У столика в окружении удобных диванчиков нас уже ждет официантка с меню. Чеховской заказывает бутылку виски для них с братом и самый лучший коктейль для меня. Я не успеваю отказаться от алкоголя в пользу сока, как официантка уходит. Ну ладно, выпить и расслабиться мне не помешает.

— Расскажешь о себе? — Рука подсевшего ко мне поближе Чеховского располагается на спинке дивана, пальцами коснувшись моего плеча.

Внутри все сжимается от его взгляда, тона, парфюма. Мачо во всех смыслах: и внешне симпатичен, и фигурой аполлон, и умеет подать себя. Варька уже бы на колени к нему забралась, но во мне нет столько уверенности.

Я смотрю на развалившегося напротив Камиля, а он и бровью не ведет, пялясь по сторонам и подергивая ногой в такт музыки. Явно выискивает себе подружку на ночь, бросив меня в жерло вулкана.

— Если вы не против, я не хотела бы сейчас говорить о себе, — отвечаю я.

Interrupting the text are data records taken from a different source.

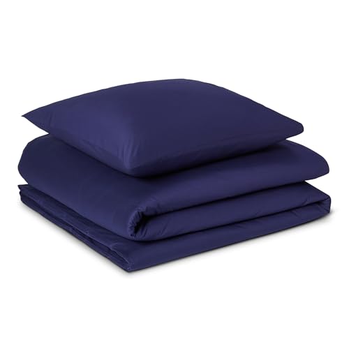 Amazon Basics Parure de Lit 1 Personne 2 Pièces en Coton Bio, Housse de Couette 135 x 200 cm et 1 Taie d'oreiller 65 x 65 cm, Bleu Marine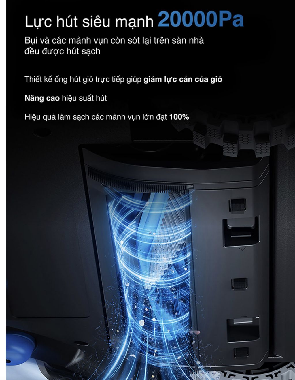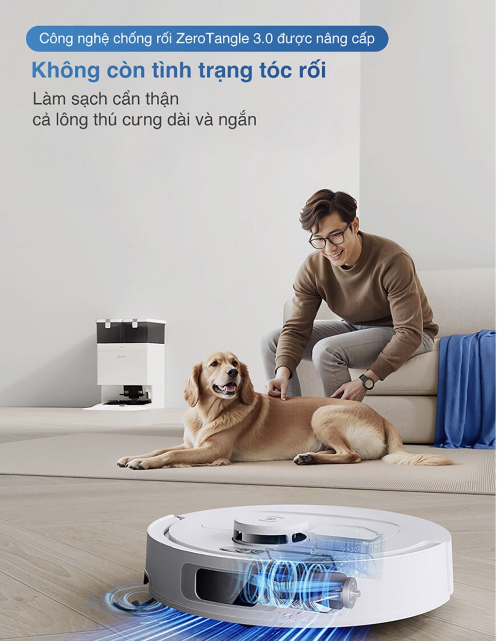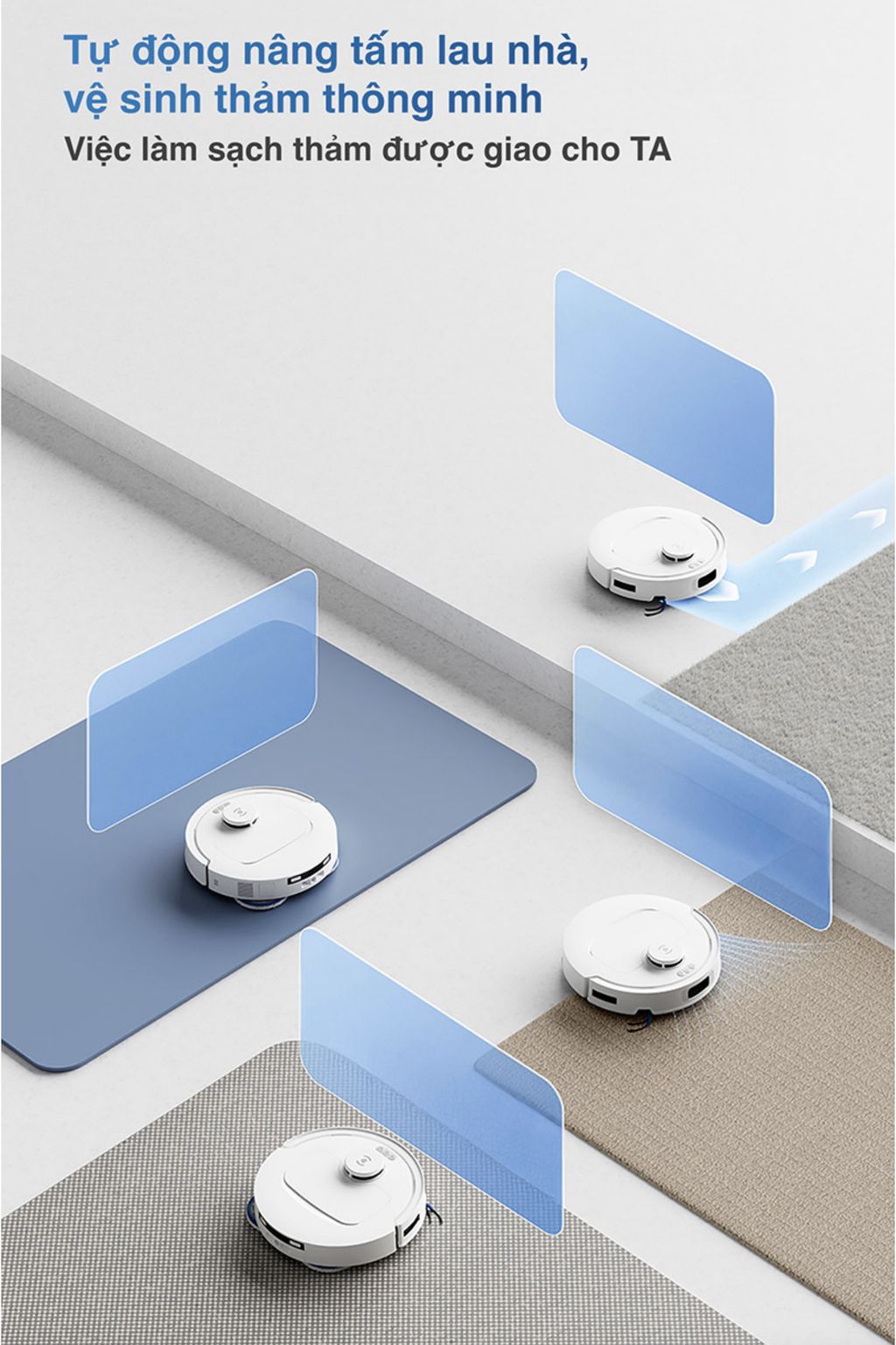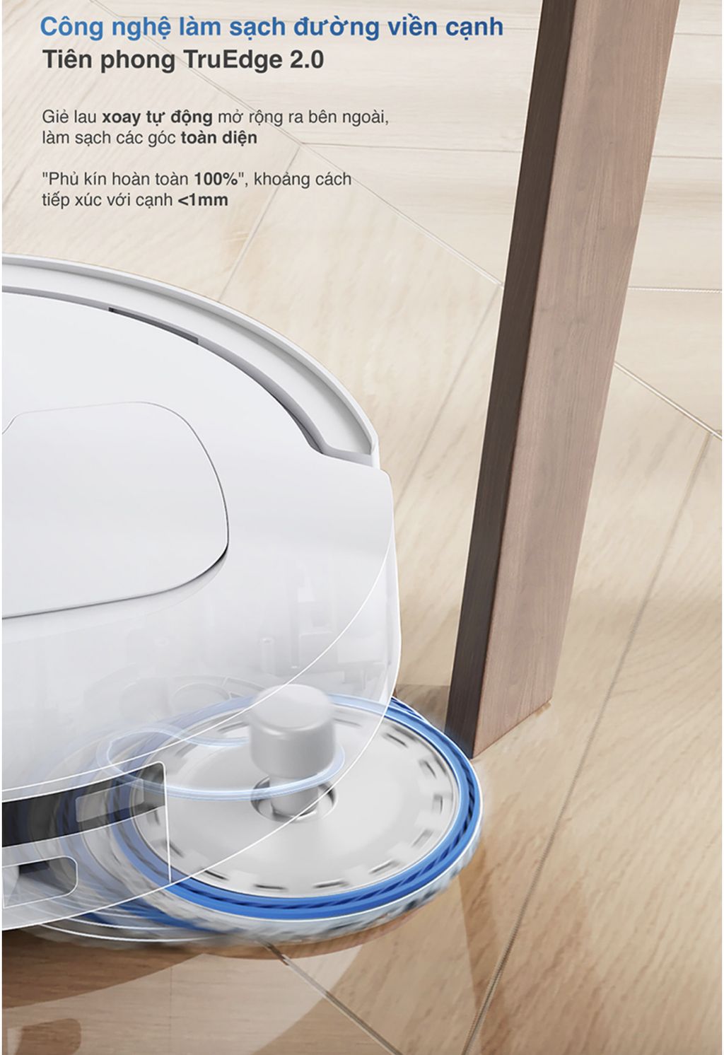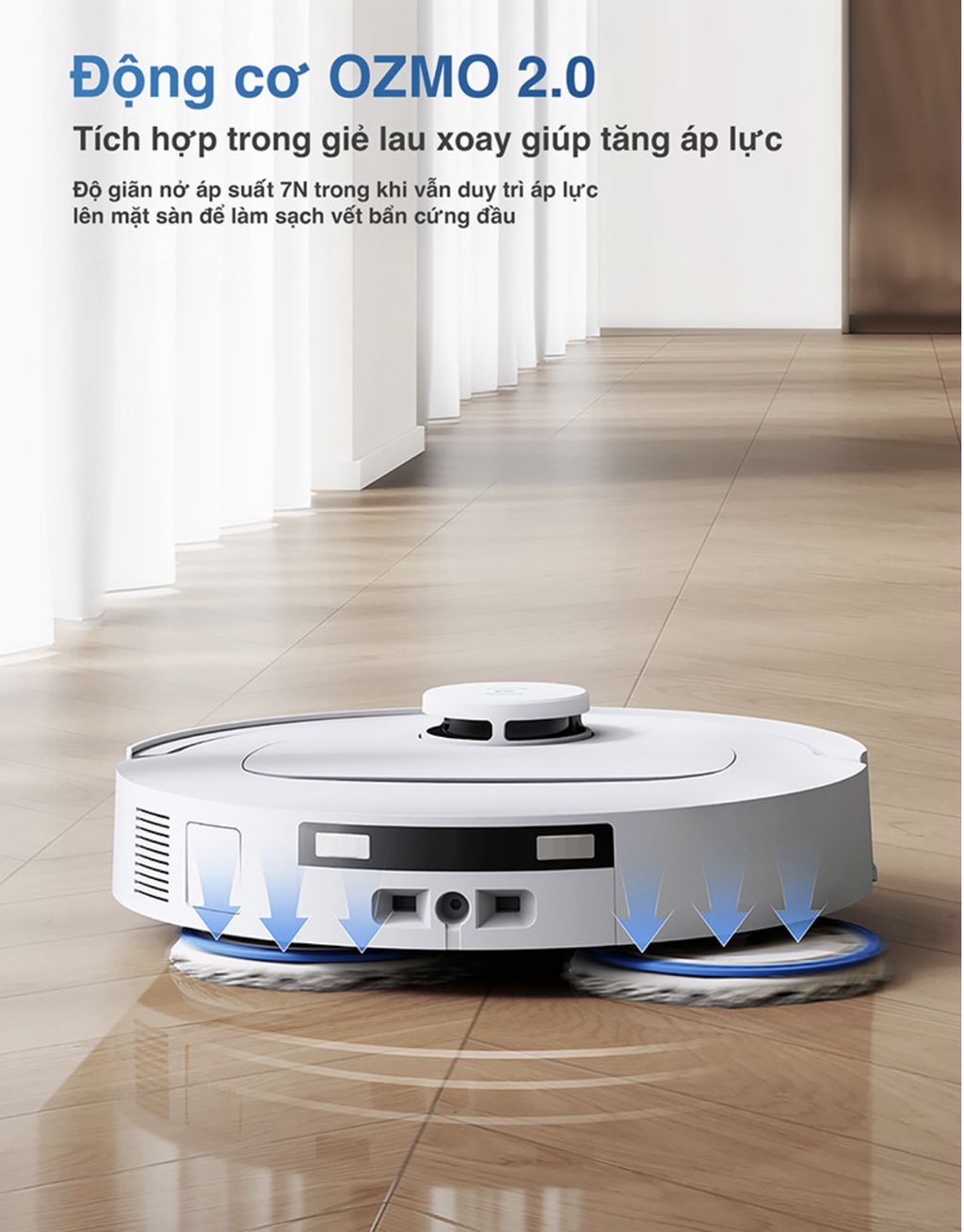 - Ngoài ra, nhờ bánh xe có lực kéo cao và thuật toán thích ứng tiên tiến cho phép dễ dàng vượt qua ngưỡng cửa hoặc gờ cao lên đến 20mm một cách dễ dàng, dù sàn nhà khô hay ẩm ướt, giúp robot di chuyển linh hoạt hơn giữa các phòng và trên nhiều loại bề mặt khác nhau.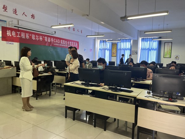2022年5月26日山东轻工职业学院第十届技能竞赛活动月机电工程系“歌尔杯”零部件 CAD 成图技术决赛在乐学楼圆满举办,竞赛采用师生同赛的方式进行。比赛现场,机电工程系系主任薛白,副主任烟承梅,东岳集团人力资源部经理荣婷婷,新华制药人力资源部经理逯之玮,人力资源部招聘负责人韩印莅临指导,到场企业领导提出企业对数字化CAD技术人才的需求状况。

Чеховской смеется, запрокинув голову.

— Вы? Ты серьезно? Вы? Я так стар? Может, все же на «ты»? Это сближает.

Я сглатываю, отсаживаясь от Чеховского и напрасно надеясь, что Камиль вмешается, выставив какой-то барьер между мной и его братцем. Но спасает вернувшаяся официантка. Принесенный алкоголь отвлекает Чеховского от меня. Он разливает виски и подает мне коктейль.

— Ну что, за нас? За кого нам еще пить? — усмехается он, поднимая тост.

Я стукаюсь с ними своим бокалом и присасываюсь к соломинке, поглядывая, как проглатывают свои порции мои новые друзья.

— Знаешь, брат, у Адель же есть причины конфликтовать со мной. — Чеховской снова откидывается на спинку дивана. — В Палермо не довольны ее работой. Говорят, Адель — прошлый век.

— Они предложили тебе встать во главе компании? — спрашивает Камиль, закуривая.

Чеховской кивает, улыбаясь уголком губ.

— Они видят во мне будущее.

— А ты?

— Мы с тобой были готовы к этому. Как только Адель схлестнулась с Глебом, все полетело псу под хвост.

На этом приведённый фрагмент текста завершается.